I think the letter I gave him on August 13, 1996 and published in the Houston Chronicle,
"A Few Words for New Teachers," expresses my feelings best. It was even read on a radio station.
To my son on his first day of teaching,
The critical reality –
You have just graduated with honors in mathematics from the University of Texas. You should be prepared for your job as a teacher. But, my heart cries. I fear you are living in a naive world, as all those who have never taught the unmotivated, undisciplined student day after day. I fear the criticism of the public, politicians and parents, who will blame you for their child's failure, will discourage you. But please don't take responsibility for the student's failure to learn. It will kill your motivation to teach. Remember that you teach, students learn and parents provide the encouragement and intrinsic base for learning.

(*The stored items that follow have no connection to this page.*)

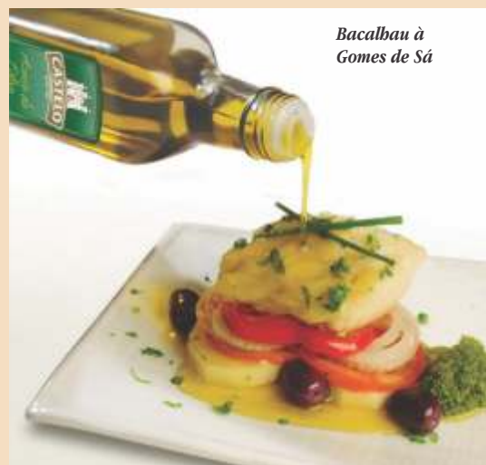
Bacalhau à Gomes de Sá

Tampe a panela e leve ao fogo brando, sacudindo a panela de vez em quando, por cerca de 30 minutos. Passe o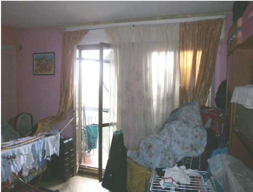
- FOTO 11 - SOGGIORNO -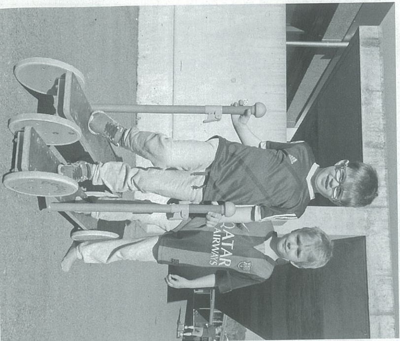
Pedalo fahren zu zweit.

Erstes Kinder-Riegen-Plausch-Turnen in Steckborn am vergangenen Freitag war ein Erfolg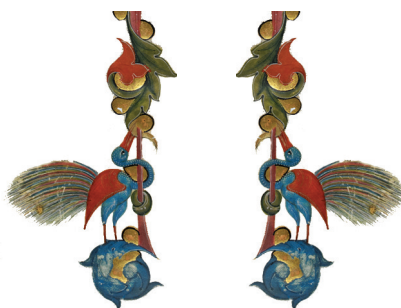
Μικρογραφία ἀπό χρ. μέ τὰ βιβλία τῶν Προφητῶν, (Ἰταλία, 14 ος αἰ.)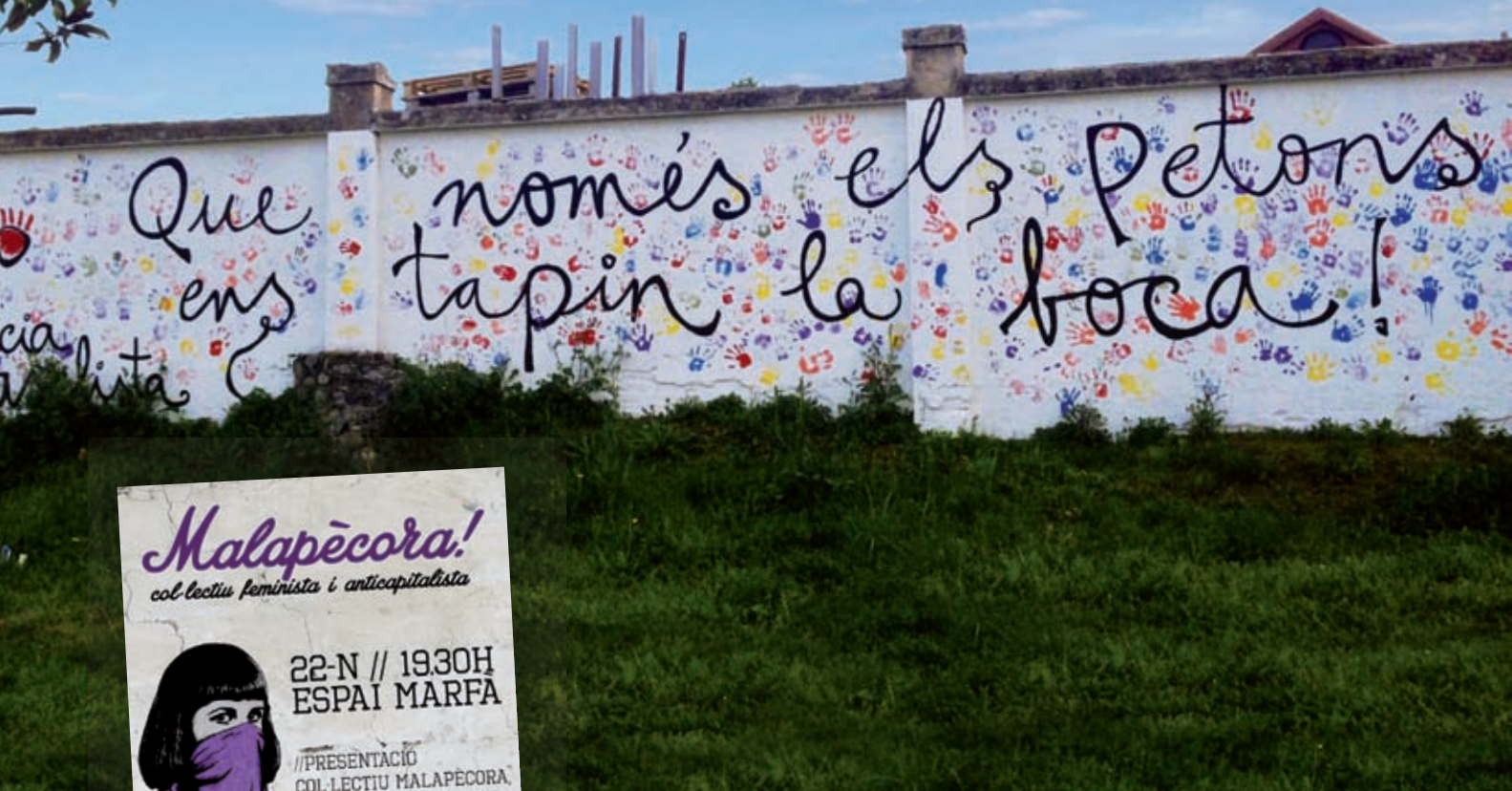
>> Mural de les Goges de Celrà. A l'esquerra, diversos cartells dels col·lectius feministes.

part de Joves per l'Alliberament Gai, una escissió del Front d'Alliberament Gai de Catalunya. Malgrat això, Brot Bord no lluita simplement per l'alliberament gai, sinó que pretén lluitar contra el patriarcat, l'homofòbia i la transfòbia. Brot Bord té assemblees a Girona, Barcelona, Tarragona, València i al Baix Llobregat, i és un col·lectiu proper a l'Esquerra Independentista.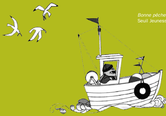
Bonne pêche, ill. T. Dedieu, Seuil Jeunesse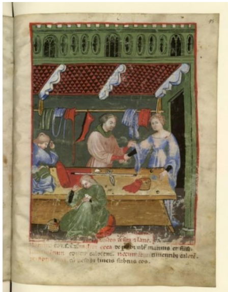
Afbeelding 2: Parijs: Bibliothèque Nationale de France. Département des Manuscrits , ms. NAL 1673, f° 95r: Tacuinum Sanitatis , ca. 1390-1400.

Online geraadpleegd via: Gallica , Bibliothèque Nationale de France .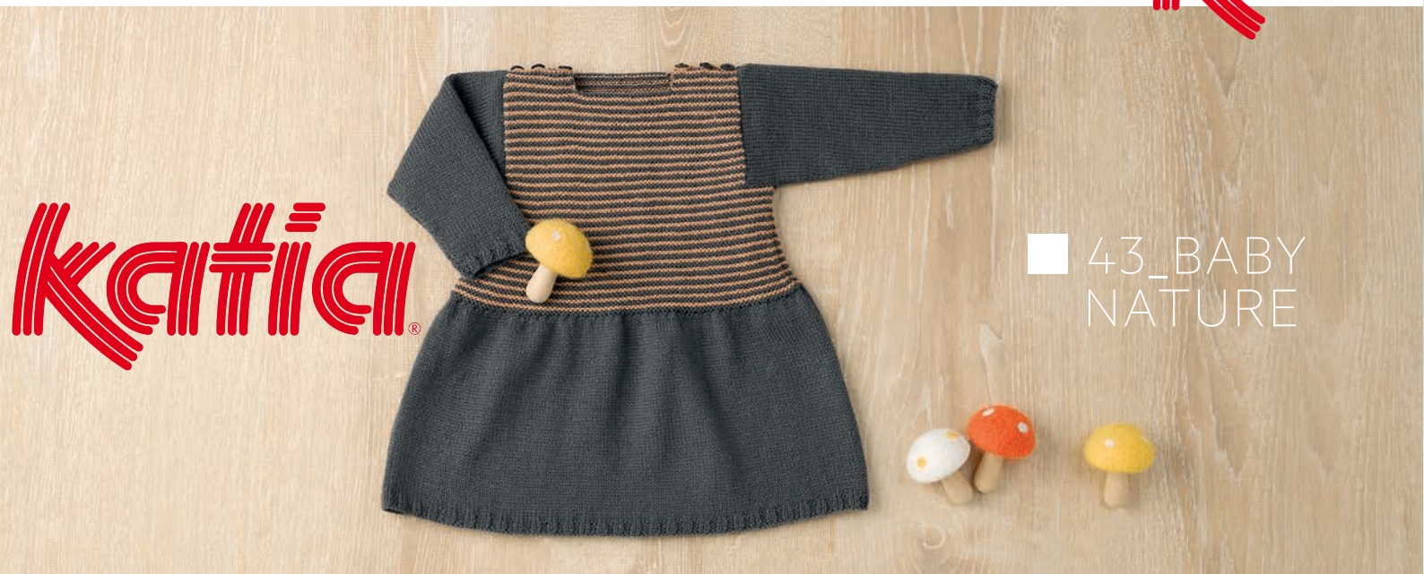
■ 43_BABY NATURE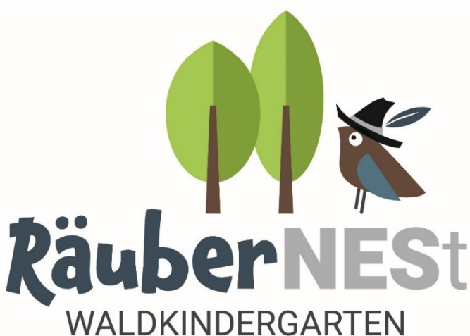
Abb. 15: das Logo des Waldkindergartens und die Kinder beim Workshop im Wald; Logo: NES-Allianz

Please remember that all you can do is your best, as you have always done. Love and encourage your students and their parents, as I love you. Write about your accomplishments and disappointments and I will try and pull from my experience as a teacher and parent to help you have empathy for those without the wisdom to understand. As Socrates says, " Goodness is based on wisdom, and evil on ignorance. No wise person deliberately chooses what is bad, but people, through ignorance, make a wrong choice that appears to be good at the time." Help your students to make the right choice – to listen, to work, to study – to have the self-discipline to take responsibility for their education. Help your students to love learning as much as you do. Keep caring! That is what students see. That caring classroom feeling will motivate achievement more than all the laws, materials, money and lessons around. Don't hurry, be patient. It takes TIME to learn.
You will be a GREAT teacher! Keep your motivation alive and have FUN teaching!
Love Mom, your first and foremost teacher.
And he did it! On mother's day this year he gave me a letter he had received from the
University of Texas recognizing him as the teacher one of his former students said made the biggest difference in her high school education. So, this event call teaching, it still brings rewards. And when I get discouraged and tired, I think of my son in his classroom, and all my children in my classroom, and I work a little harder.